Multisource statistics or data integration encompasses different methodological areas, such as acquiring data, editing data, linking data, statistical matching, producing estimates, and describing or evaluating data quality. In this issue, most of the articles focus on combining data sources to estimate or minimize error and bias due to selection or under- or over-coverage, while data collection and data analysis are also discussed.
2. Non-Probability Sampling and Probability Sampling
With probability sampling, any population unit has a known positive probability of being included in the sample, using a random mechanism for sampling. Its scientific ground was laid down by Tschuprow (1923) and Neyman (1934).
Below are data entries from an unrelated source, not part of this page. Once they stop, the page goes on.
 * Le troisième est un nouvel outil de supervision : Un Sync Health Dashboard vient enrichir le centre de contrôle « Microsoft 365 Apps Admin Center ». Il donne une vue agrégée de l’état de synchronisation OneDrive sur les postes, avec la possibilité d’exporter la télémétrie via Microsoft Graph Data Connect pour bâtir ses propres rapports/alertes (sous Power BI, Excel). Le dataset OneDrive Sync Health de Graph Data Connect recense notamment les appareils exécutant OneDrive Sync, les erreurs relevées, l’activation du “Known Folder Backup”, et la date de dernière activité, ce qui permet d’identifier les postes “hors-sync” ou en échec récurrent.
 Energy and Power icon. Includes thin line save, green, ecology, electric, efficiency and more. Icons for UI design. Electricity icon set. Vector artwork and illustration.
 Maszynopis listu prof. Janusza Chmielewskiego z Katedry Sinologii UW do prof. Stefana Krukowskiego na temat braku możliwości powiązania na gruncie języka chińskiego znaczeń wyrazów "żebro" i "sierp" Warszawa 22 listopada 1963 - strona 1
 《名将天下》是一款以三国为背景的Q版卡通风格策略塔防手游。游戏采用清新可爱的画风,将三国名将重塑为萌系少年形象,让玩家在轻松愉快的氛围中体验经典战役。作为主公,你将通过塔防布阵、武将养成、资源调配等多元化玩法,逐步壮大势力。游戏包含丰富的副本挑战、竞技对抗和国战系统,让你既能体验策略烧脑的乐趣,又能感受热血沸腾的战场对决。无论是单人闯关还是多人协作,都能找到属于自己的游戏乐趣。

The statistical properties have been widely studied, also when auxiliary variables from administrative registers are used in sample design and estimation. The introduction of model assisted survey sampling in Särndal et al. (1992) and the development thereafter with new types of estimators and designs illustrate this well (see e.g., Deville and Särndal 1992; Deville and Tillé 2004).
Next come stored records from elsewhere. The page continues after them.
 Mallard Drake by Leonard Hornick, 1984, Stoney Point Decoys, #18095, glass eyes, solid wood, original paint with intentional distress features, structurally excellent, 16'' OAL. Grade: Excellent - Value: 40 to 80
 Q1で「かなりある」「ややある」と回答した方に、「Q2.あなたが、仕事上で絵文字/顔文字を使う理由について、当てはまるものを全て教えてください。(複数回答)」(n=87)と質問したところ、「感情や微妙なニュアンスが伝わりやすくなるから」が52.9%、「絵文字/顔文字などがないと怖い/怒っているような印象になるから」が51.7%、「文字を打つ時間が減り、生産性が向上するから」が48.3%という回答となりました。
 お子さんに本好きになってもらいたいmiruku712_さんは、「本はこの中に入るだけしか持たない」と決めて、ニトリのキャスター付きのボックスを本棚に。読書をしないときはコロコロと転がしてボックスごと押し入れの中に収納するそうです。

Administrative registers are increasingly replacing probability samples as the basis for official statistics. These registers are collected for administrative purposes and not for statistical purposes. Further, when used as the basis for official statistics, several administrative registers often need to be integrated. When two administrative registers essentially include the same units, the two registers can be linked at micro-level (unit level) to produce a data source with a larger set of variables. On the other hand, when the administrative registers include different units, these registers can be merged to increase the number of units. In both cases, micro-integration is usually needed to reconcile/harmonize the variables from the different administrative registers.
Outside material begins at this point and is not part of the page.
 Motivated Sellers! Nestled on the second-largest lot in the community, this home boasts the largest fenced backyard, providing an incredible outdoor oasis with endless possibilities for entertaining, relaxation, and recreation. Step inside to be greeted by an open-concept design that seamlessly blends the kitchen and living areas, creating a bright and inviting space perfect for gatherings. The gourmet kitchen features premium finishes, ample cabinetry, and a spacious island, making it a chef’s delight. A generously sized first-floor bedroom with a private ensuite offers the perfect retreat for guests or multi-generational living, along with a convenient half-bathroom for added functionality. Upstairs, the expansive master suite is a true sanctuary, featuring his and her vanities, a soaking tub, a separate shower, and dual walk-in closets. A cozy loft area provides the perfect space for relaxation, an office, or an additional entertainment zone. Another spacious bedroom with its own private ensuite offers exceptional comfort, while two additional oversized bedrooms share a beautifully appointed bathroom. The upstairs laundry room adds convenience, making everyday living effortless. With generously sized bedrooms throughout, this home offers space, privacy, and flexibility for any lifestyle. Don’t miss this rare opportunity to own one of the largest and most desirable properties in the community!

Administrative sources are fully enumerated samples from the viewpoint of its custodian, being typically a governmental agency. This is also the case for other types of data sources that have emerged and become of interest for official statistics production in recent years, such as road sensor data, position data from mobile network operators, transaction data from private vendors, or private data collected from smartphones. The target population, from the data holders’ perspective, of the source typically differs from the official statistics’ target population. Thus, the data sources are non-probability samples: The set of units in such a source is a selection from the official statistics’ target population, and the selection mechanism is whether or not the unit falls under the primary target population of the data custodian. Hence, the statistical concept of a frame population and its alignment to the target population (the coverage) is not the focus of the data custodian. The selection mechanism is then not controlled and usually non-random.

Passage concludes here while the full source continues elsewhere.